We may not know the name of our GP but most of us can name our vet, says
David Tomlinson. The increase in big, corporate bodies could be set to change that
IWAS recently asked the name of my doctor: I hadn’t a clue. On my rare visits to the local surgery I have rarely seen the same doctor twice. Ask me the name of my veterinary surgeon, however, and it’s a different matter. We are on firstname terms. That’s not because my dogs are frequent visitors but because I have a different relationship with my vet to my doctor. I’m paying him for his services whereas when I go to see my GP I feel guilty about taking up his or her valuable time.
Sadly, the veterinary world is changing radically. Private practices are disappearing as big, corporate bodies buy them to add to their empires. Numerous small practices have already been swallowed up into corporate chains. It can be argued that this is a good thing as big companies can buy drugs at a much more favourable rate, keeping prices down.
However, on the debit side is the fact that small businesses that are part of a large company invariably have financial targets to meet and this can compromise decision-making. There’s also far less chance that you will get to know your vet personally, which can’t be a good thing. We all like taking our dogs to a vet who knows them individually.
I discussed this with my vet on my last visit. He felt unhappy about the direction in which the veterinary business is heading but added that it was inevitable. “Ten years ago my financial adviser told me that I shouldn’t regard my practice as my pension fund, as there was little chance of it being worth very much when I retire. That’s not the case anymore. This means that it’s unlikely that a junior vet in the practice would have the capital available to buy it, which used to be the case before the corporates moved in.”

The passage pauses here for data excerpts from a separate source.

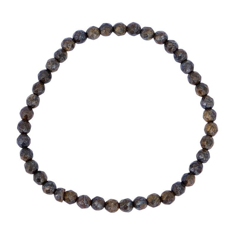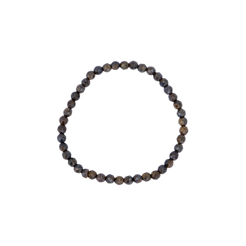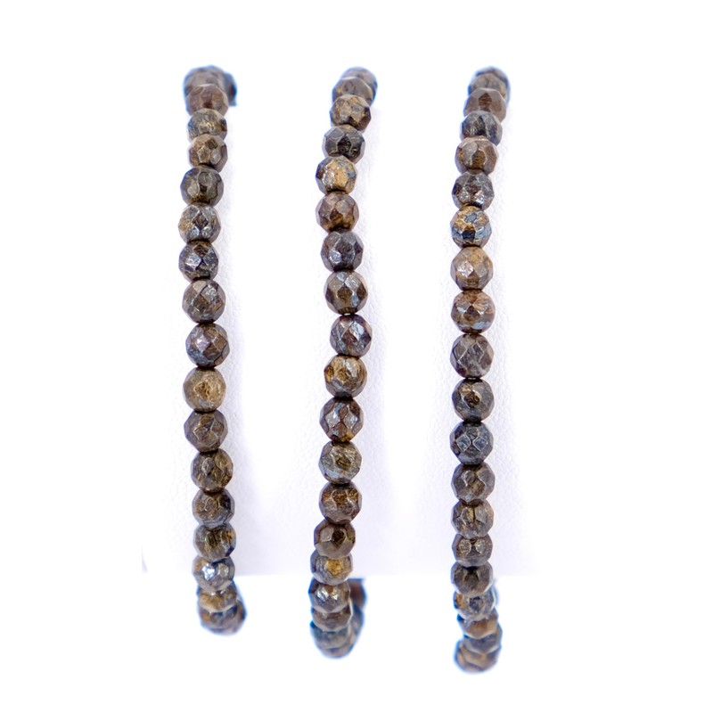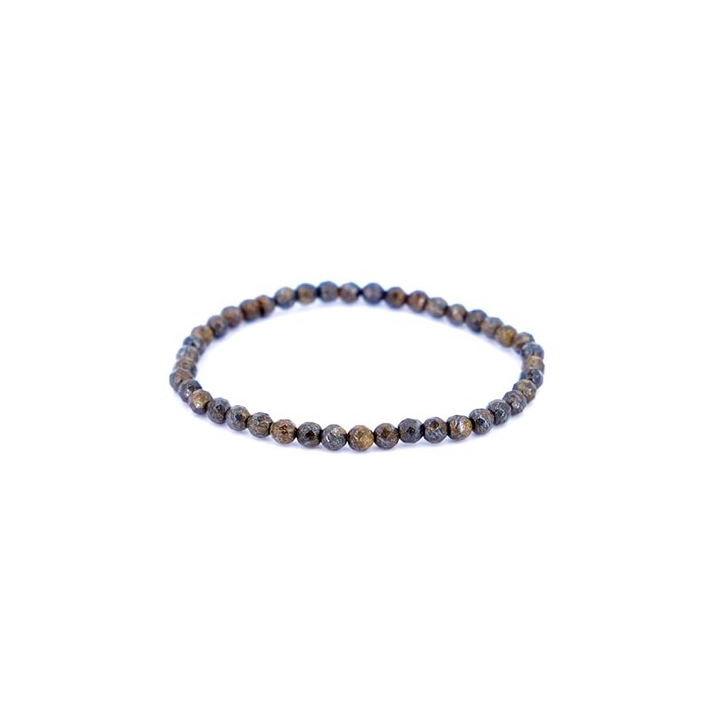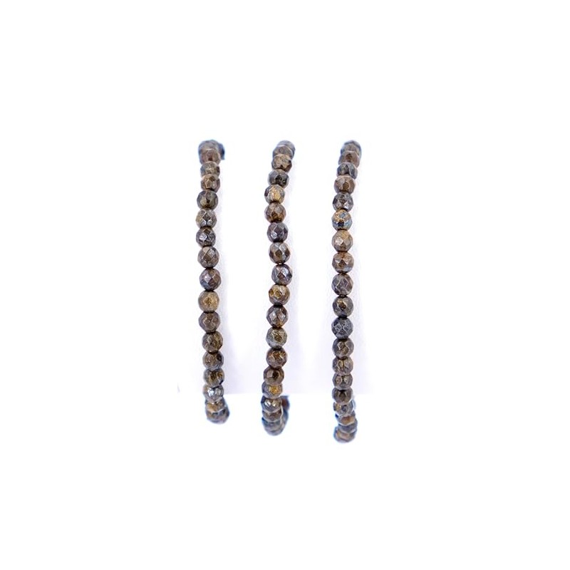 Taddart Minerals - Brown Natural Gemstone Bronzite Bracelet with 4mm Faceted Beads on Elastic Nylon Thread - Handmade, Rubber, Bronzite
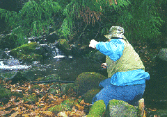 | 藪でフライトと聞くと、首を傾げる人が多いかもしれない しかし、フライは最強の藪の毛バリ釣りかもしれない とはいえ、教科書に出てくるようなキャストの出来る場所 は限られている。そこを素通りしていてはもったいない 藪の美しい渓魚との出会いのを、みすみす失いかねない まず、バックキャストはしない ポイントまで届くぎりぎりの長さのラインを右手に持って 左手でフライから50センチくらい、チペットとリーダー の結び目付近を持って構える 少しでも空間を稼ぐために必ず膝をついて低く構える 左手のリーダーを軽く送り出すと同時に、右手を鋭く前に つきだし、次の瞬間手首を返してラインを送る これだけで(少し練習が必要かもしれないが)多少でも 距離が稼げる この距離が稼げるというのは、藪では貴重である 藪は接近戦、その中でわずかでもプレッシャーを押さえる ことの出来るフライは有利だと思う テンカラ風の釣り方、叩き風の釣り方は教科書のとおり 一度上流に廻って、ラインを下流へと送る方法も非常に 効果がある 取り回しが面倒なことはあるが やはりフライは最強か? (今後ここに写真を貼ります) |
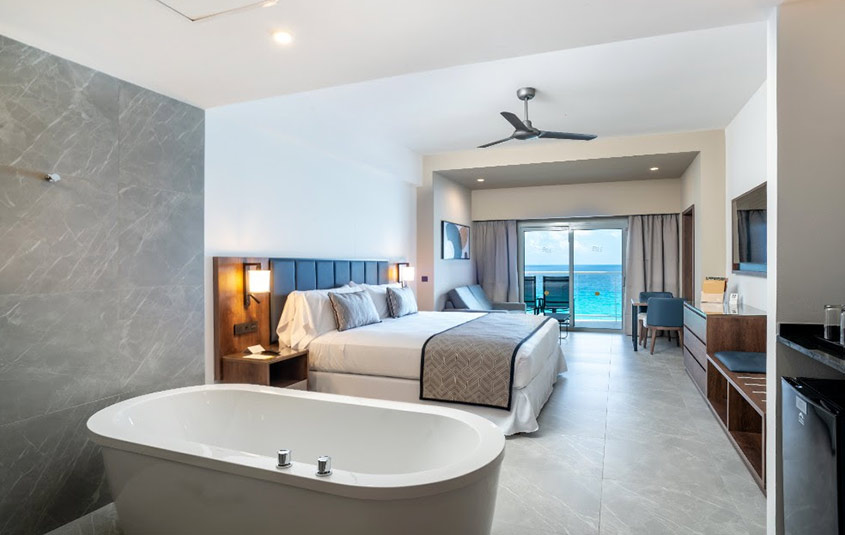 Riu notes that the rooms are bright and spacious with views of the Caribbean Sea and a colour palette dominated by natural and earth tones. Enormous green columns preside over the lobby and contrast with the comfortable curved white sofas that add distinction in combination with the spectacular lighting fixtures, says the company.
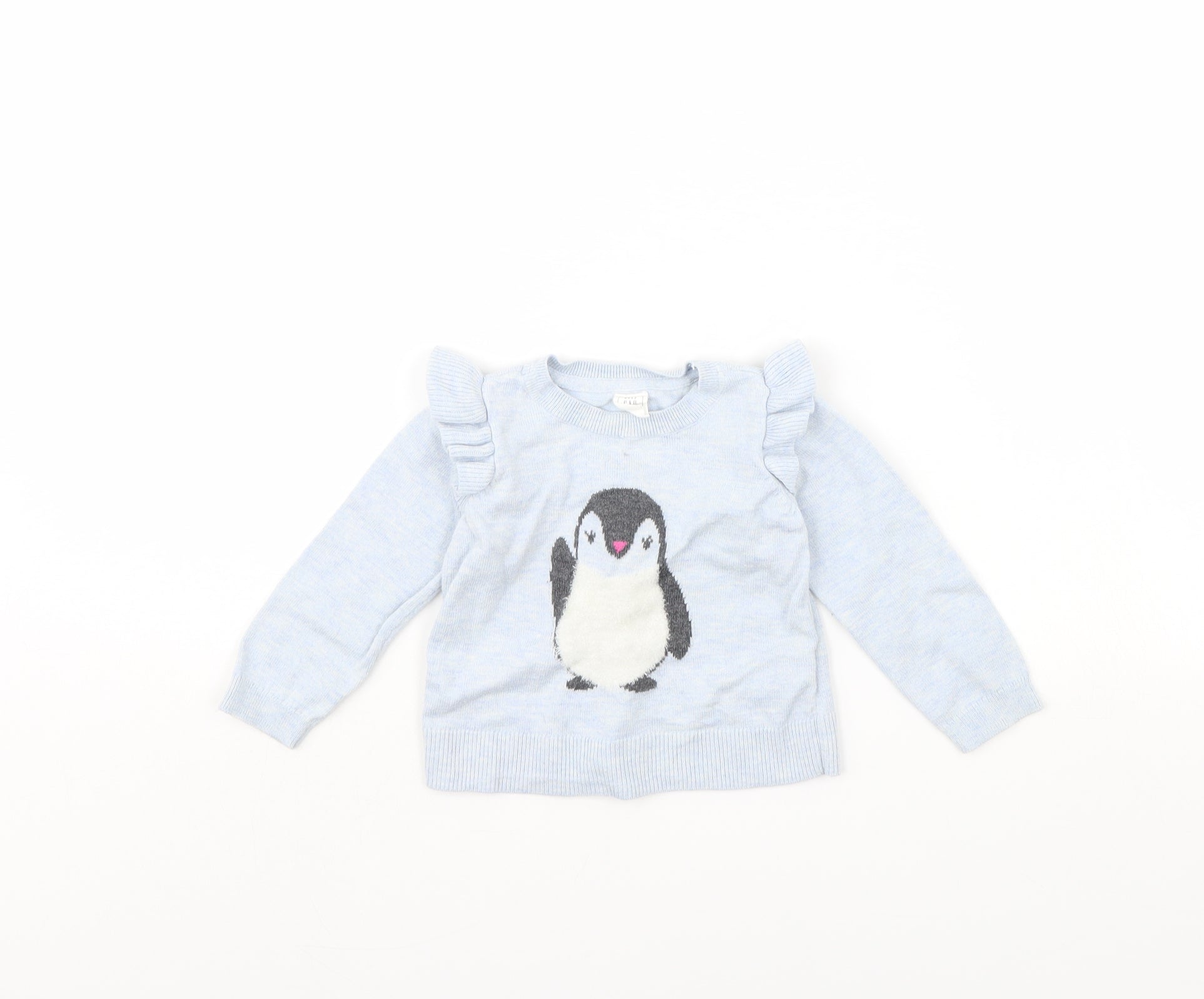 Gap Girls Blue Pullover Jumper Size 2 Years - Penguin
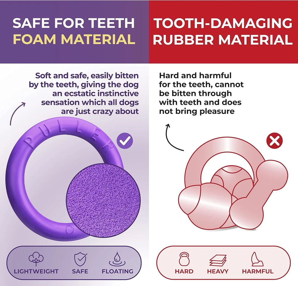 Multifunctional Dog Toy - PULLER is more than just a dog ring toy. Use it to fetch, tug of war and water games. It is a great alternative to dog balls, floating dog toys, frisbee for dogs. Improve Bonding With Your Dog - It is no longer possible to stay disconnected when the game is so engaging for both you and your dog! PULLER will truly make you best friends with your pet. Safe for Teeth Unique Material - PULLER is soft enough and the dog does not injure the teeth and jaws when biting. PULLER is made of non-toxic and odorless material. Thus, the dog focuses on the game but not on the smell. Increase Play Drive - Due to its unique features, PULLER easily engages your dog in play. An extremely fun activity with PULLER dog training toy motivates your dog to listen to you and pay attention. Improve Your Dog's Health - Exercises with PULLER (Running, Jumping, Pulling) provide a daily fitness workout for your dog. 20 minutes of play with PULLER will give your dog the same activity as running 5 miles. Product Description During exercises with PULLER, the dog keeps track of the owner’s actions, and the owner’s proposed action script. The program of contact exercises is created by professional trainers and is easily applicable by any owner. Constant exchange of PULLER rings and effect of cooperation in a tandem of owner + the dog is motivating a pet in the best way for ardor and positive activities. During interactive sessions with a set of 2 rings, PULLER develops better understanding between the owner and the dog. This comfort in the owner’s communication with the dog later appears in everyday life. It’s a new level of communication! Thanks to the picked-up comfortable set of exercises and a set of two PULLER rings, the dog doesn’t lose interest during the exercises, and vice versa, is increasingly anyway in the process. This kind of excitement only adds the positive effects to the exercises. The dog fitness tool PULLER became Fetch Toy Product of the Year in the Toys Category of Pet Innovation Awards – the US independent platform for innovations in the pet industry. PULLER provides full emotional and physical load for dogs, strengthens the bond between dog and owner and helps them both to keep themselves fit. Also, the exercises with PULLER are basic for two disciplines of Dog Puller – the international dog sport. Dog Puller is a sport where everyone – disregarding of age, physical readiness and breed of the dog – can participate. Just a few exercises for 20 minutes will give the dog the training and activities of 5 miles of running! In the urban conditions, most dog owners face a problem of insufficient walking with the pet. As a result, dogs suffer from lack of physical and emotional activity, and pets have problems with obesity and chronic diseases. Often the dog begins to suffer neurosis, which is manifested in the fact that it can spoil the furniture or furnishings while the owner is away from home, or even may be aggressive towards both owner’s family and the owner himself. PULLER was developed by professional cynologysts as an innovative training shell for dogs. A special set of two purple PULLER rings and a set of exercises with it will provide daily interactive training for dogs and all the necessary physical activities, so the dog owner doesn’t have to spend a lot of time on walking. During the Fetching, a particularly most of activities comes on neck and shoulder when the dog tries to catch a ring in the air or rolling on the ground. As this exercise includes not only jumps, but also catching of a ring with teeth and interception from one ring to another, the neck and shoulders receive full-fledged and maximum of possible activities. The dog gets the maximum activities, especially if tosses by neck during the pulling. This develops strength and endurance, and also allows splash out the accumulated overpowered energy. One of the most important exercises, which is not only to load the whole dog’s hull, but also to do it in a benign therapeutic mode. Recommended for dogs of any age.
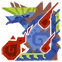 A purple body with berry red fur, green claws, markings, and horns which also have numerous small spikes poking out from between them, several small spikes on the end of the tail, and a large green fin on its back.
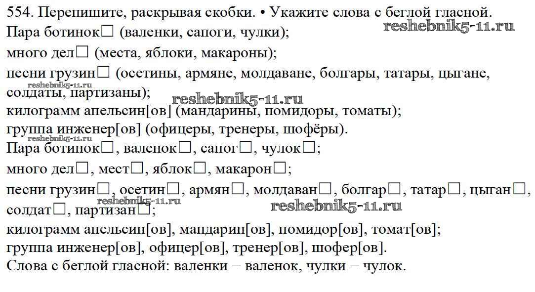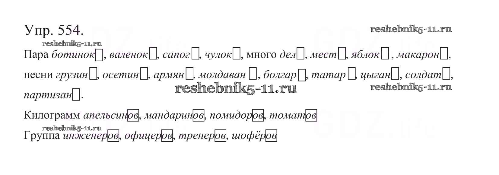 Готовая домашняя работа с ответами по Русскому языку за 5 класс Баранов, Ладыженская, Тростенцова, Кулибаба, Григорян Учебник Часть 1, 2 Просвещение 2016 ФГОС - Часть 2. Упражнения 554
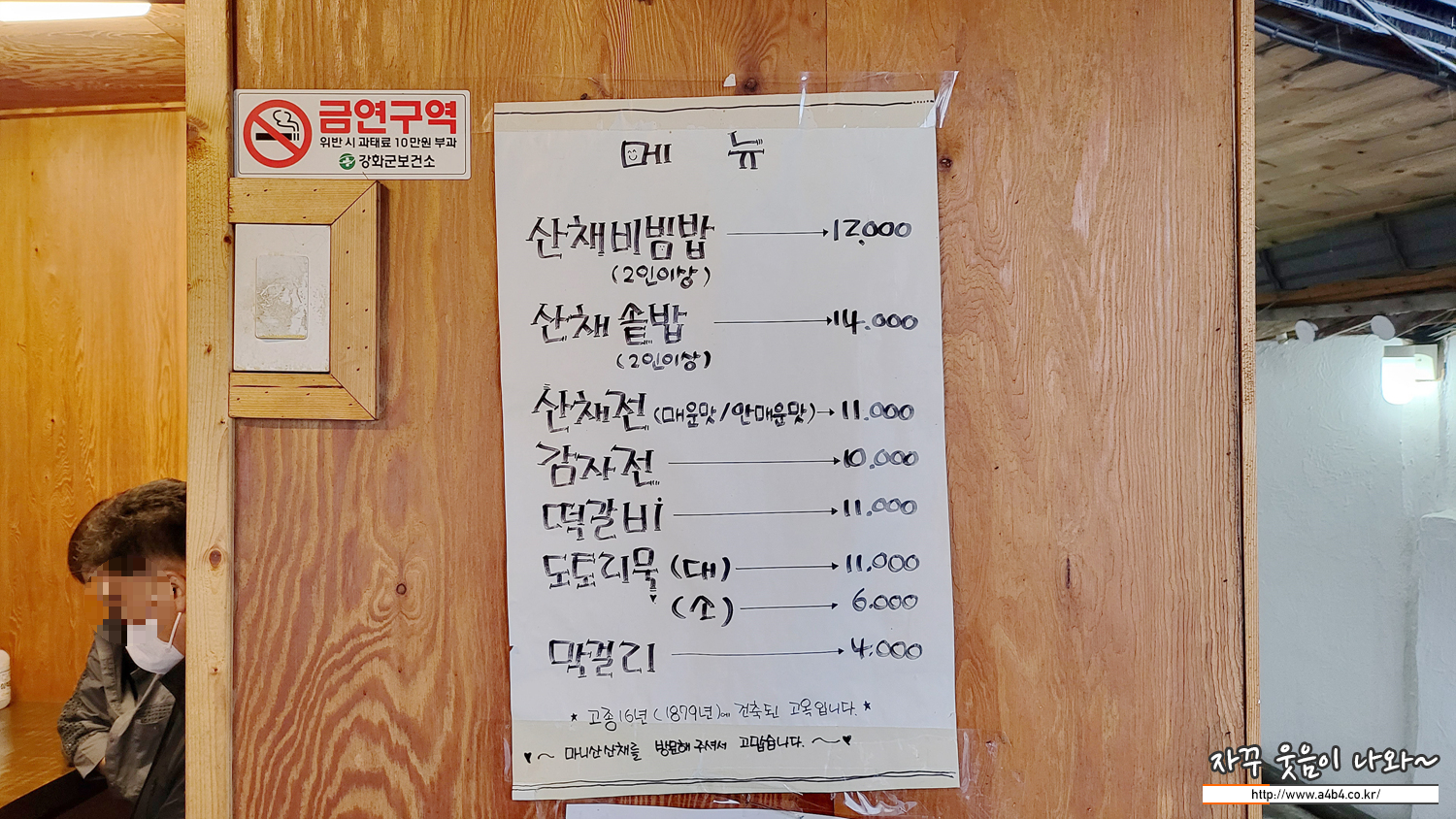 | 강화도 마니산 산채 비빔밥 메뉴 및 가격
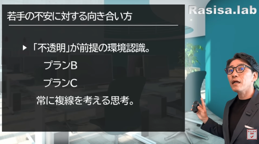 若手の不安に対する向き合い方は(スライドを示して)このように言われています。今は不透明な時代と言われますが、若手にとってみれば不透明がスタンダードなんですよね。
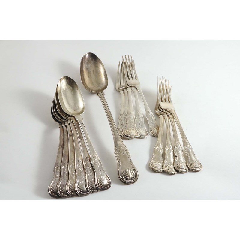 A George IV bsting spoon (with Union Shell heel), by Robert Peppin, London 1824, a set of four Irish table forks (also with Union Shell heel), a matched set of six Scottish (single struck with shoulders) table spoons and five table forks, all initialled "G", by J & W Marshall, Edinburgh 1830/31/32 with two different retailer's marks; 44.9 oz (16)
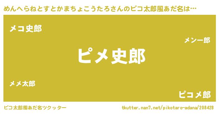 | 欧米人風あだ名 | 『ダレノガレめんへらねとすとかまちょこうたろ』 |
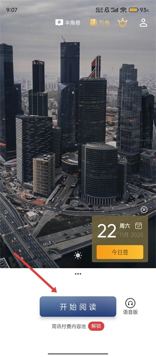 打开简讯后,先点击【今日签】完成签到,接着点击【开始阅读】,就能利用碎片时间进行阅读了。
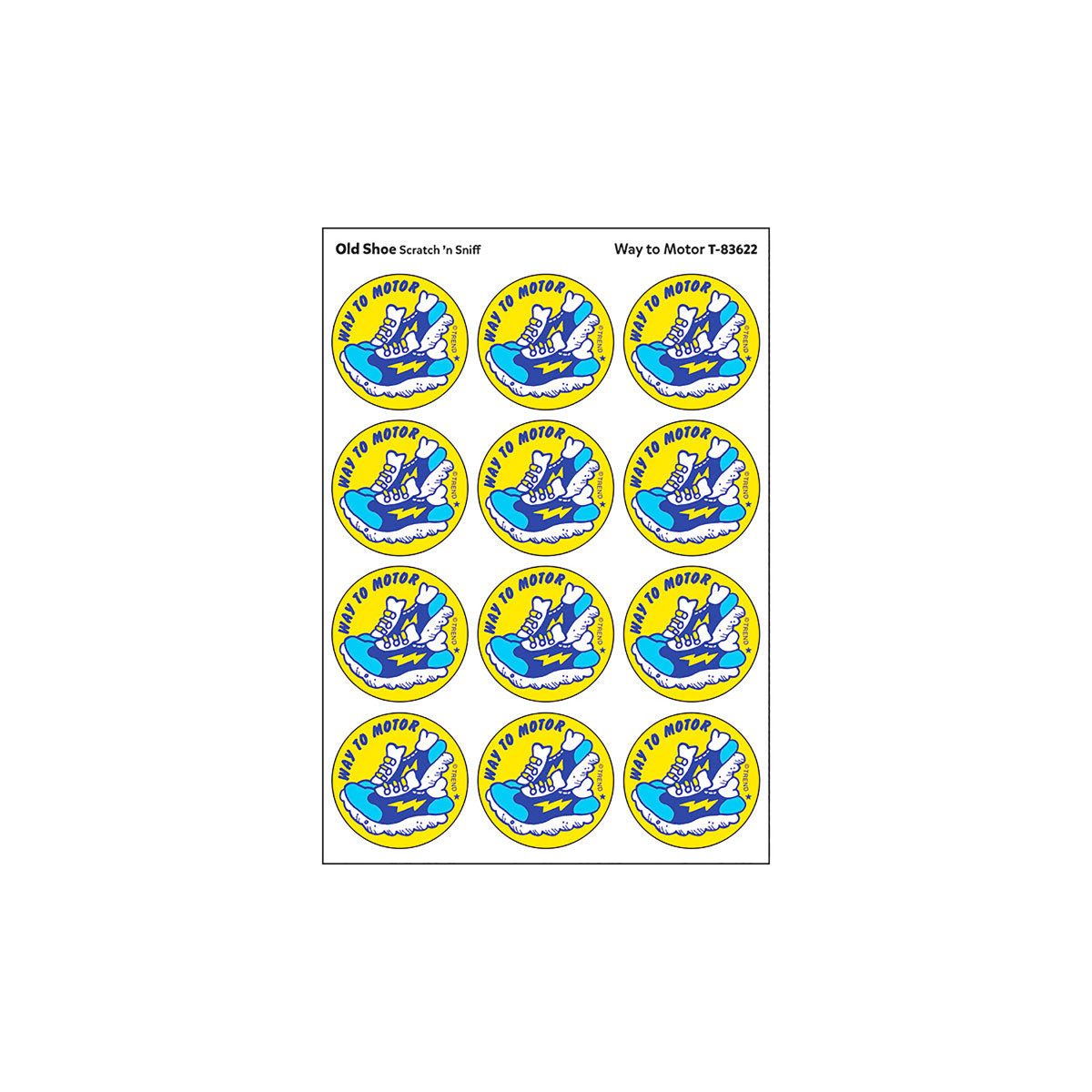 Get a whiff of this Way to Motor, old shoe-scented sticker! TREND Scratch 'n Sniff Stinky Stickers from the '80s are BACK! Fun to collect, trade, and celebrate accomplishments and special occasions. Collectors will be happy to spot the star symbol to distinguish TREND Retro Stinky Stickers from those printed in the 1980s. Each pack includes 24 stickers on 2 sheets.

Another subtle change is the growing reluctance of graduate vets to undertake anything surgical other than routine operations. They are worried about being sued if anything goes wrong, so prefer to send the dog on for referral to a specialist clinic. This is invariably the expensive option, which is acceptable to those whose dogs are insured but is a worry for the many people with working dogs who can’t afford to insure them.
I always used to insure my dogs but when the eldest reached the age of seven and her annual premium was close to what I would expect to pay for insuring a Porsche 911, I decided not to renew. That was a mistake, as she developed a mystery illness my vet was unable to diagnose and spent a week at Dick White Referrals at Newmarket, the leading veterinary hospital in East Anglia.
She received impeccable treatment and, against the odds, surgery saved her, though my bank balance was £6,000 lighter. It was money well spent, as she was able to resume her picking-up career until retiring at 12. As I write this she is days away from her 15th birthday and, remarkably, is not on any medication. My insurance would have only paid the first £2,000 of the claim in any case.
This experience hasn’t changed my views on insurance: a calculated gamble. When you acquire a new puppy, open an account in the dog’s name and pay in £20 a month. The odds are that you will never need to draw on the account but if you do you should have a substantial sum available to help with bills.
However, there’s no doubt that insurance has changed the business of small-animal care in this country, making it arguably the best in the world. On the Continent, where insurance for dogs is far less usual, few vets have the expertise or experience to undertake what we regard as relatively routine, if expensive, procedures. The result is that far more dogs are put down: my spaniel would almost certainly not have survived.
In recent years, the nature of our relationship with our vet has changed, too. Not so long ago our dogs would be taken to the vet annually for their booster inoculations, long thought to be essential to control diseases such as distemper and parovirus. However, vaccine manufacturers have been unable to come up with data that proves a need for annual jabs, while there is the worry that repeated vaccinations reduce the animal’s immune resources and possibly cause disorders such as degenerative joint diseases and reduce the dog’s ability to ward off diseases naturally. As a result, the annual booster, for so long a reliable form of income for the vet, has become a thing of the past.
Most people believe that a puppy should still receive a course of vaccinations against the four main infectious diseases: canine distemper, hepatitis, parovirus and leptospirosis. You should then be able to reply on your vet for information about the need for further vaccinations (leptospirosis should be annual). That’s much better coming from a vet you know and trust than from a faceless corporate out simply to make money.